Distribution: Mepis and Fedora, also Mandrake and SuSE PC-BSD Mint Solaris 11 express
Posts: 385
Rep:
You should backup your data and reinstall. When you are asked how to partition your drive, don't just click next next etc. There will be an option like advanced or custom. Within that option, you will be able to encrypt your partition and set a password. Follow the rest of the install as normal. Write down the master password and use it each time you reboot. You will now have a crypto luks partition.
Why? Fedora 17 is pretty old and no longer receiving security updates. If you want to use a distro for an extended period of time then choose a distro which receives updates over the long term. RHEL 7 (and its counterpart CentOS 7) is about to be released. Or you can opt for Ubuntu 14.04 LTS which also was released recently.
You're better of sticking with a distro which is still maintained and then thinking about security and harddrive encryption.
You should backup your data and reinstall. When you are asked how to partition your drive, don't just click next next etc. There will be an option like advanced or custom. Within that option, you will be able to encrypt your partition and set a password. Follow the rest of the install as normal. Write down the master password and use it each time you reboot.

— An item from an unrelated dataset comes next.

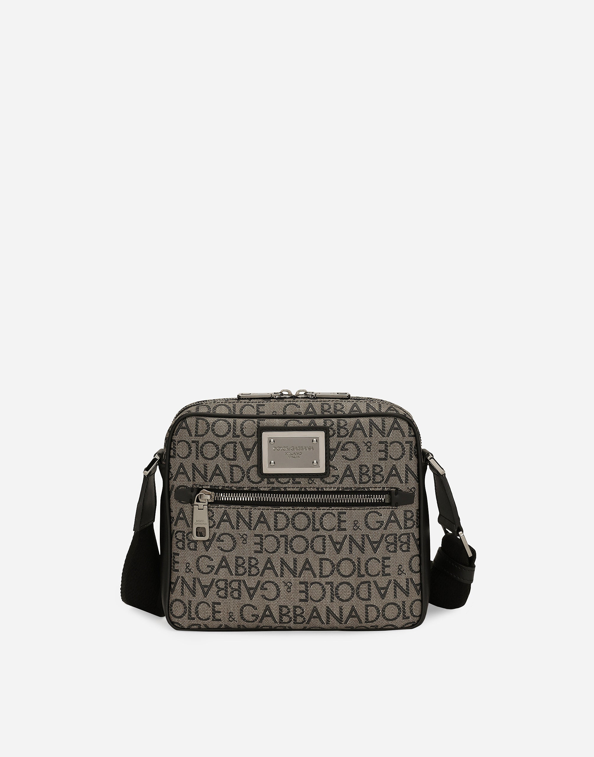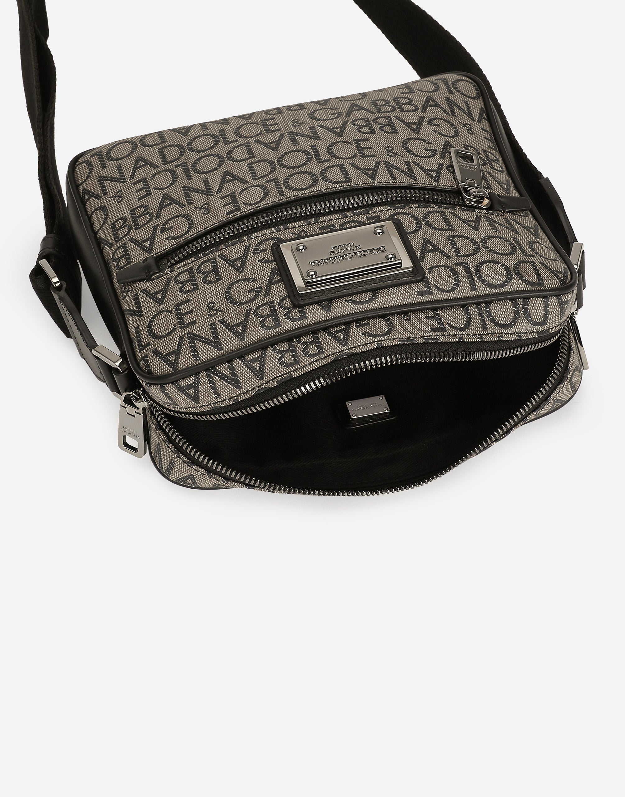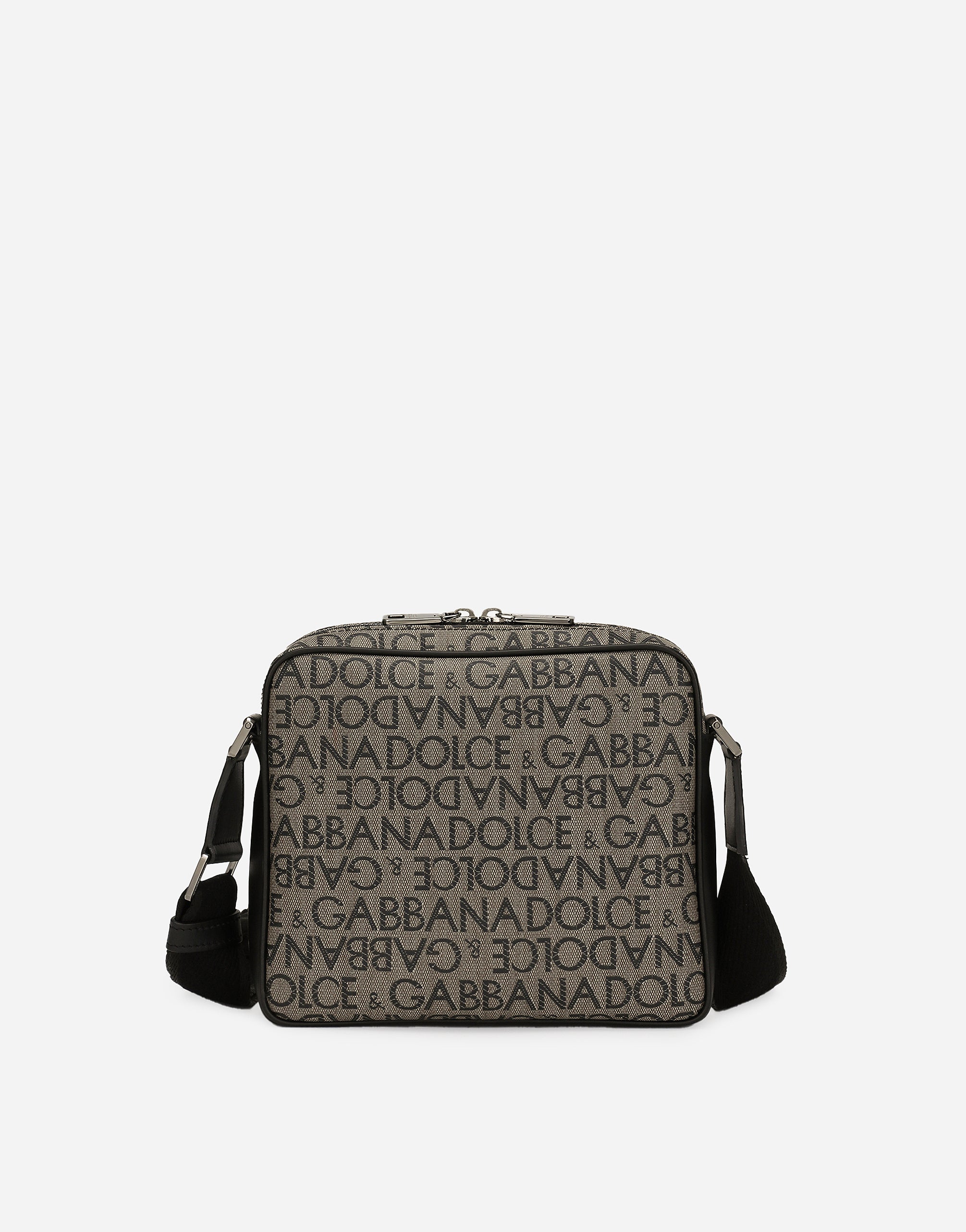 Past and present meet to give rise to a vision and an innovative interpretation of our archives. Practical and versatile, this coated fabric crossbody bag features the all-over jacquard Dolce&Gabbana logo. Coated jacquard crossbody bag with all-over Dolce&Gabbana logo: • Blue • Branded tag in ruthenium-electroplated metal • Top fastening with double zipper and slider with logo • Flat front pocket with zipper featuring branded slider • Adjustable and detachable tape strap with calfskin details • Fabric lining, a zipped pocket with branded slider and two flat pockets • Item comes with a branded dust bag • Measurements: H18 x W21 x D4.5 cm • Made in Italy

You will now have a crypto luks partition.
I was hoping to avoid a reinstall, but thanks for anyways!
Fedora 17 is UNSUPPORTED and has NOT received any updates for the last year , and it NEVER will receive any updates it is UNSUPPORTED
please stay current and install fedora 20
in about 2 months fedora 21 will be released
Sorry, but I like 17 and don't plan on changing. I am good with computers, I know what sites not to go to, and I don't open unknown email attachments. Also, my laptop is not online all of the time. I made a choice to stay with 17 and I will stick to that choice.
Stable is not really an "R & D" distro. "Rawhide" is. Stable just has a fast release cycle as you mentioned.
Sure Red Hat donates to them and sometimes steers their development, ie using bleeding edge software. But that is not considered research and development, its just Bleeding Edge. Like Arch.
Using the newest software doesn't make it a 'testing' or 'r & d' distro.
Last edited by szboardstretcher; 07-03-2014 at 12:42 PM.
No, I use Windows 7 and 8, but windows is differnet from linux in that it become really vulnerable when it is not updated.
Security holes are security holes no matter what the operating system. Don't fool yourself into naively thinking you're immune to a breach simply because you're using Linux alone. Although Linux might have a slightly better security model than Windows it was still designed by humans and it is impossible for humans to create perfection. Security is layers and one of those layers is keeping your operating system up to date with the latest security patches. You're flying by the seat of your pants by using an outdated Linux distribution.
Regarding the filesystem encryption LUKS is typically used for block level encryption on the filesystem. I also tend to keep files individually encrypted using gpg rather than filesystem encryption. Depends on what your goals are.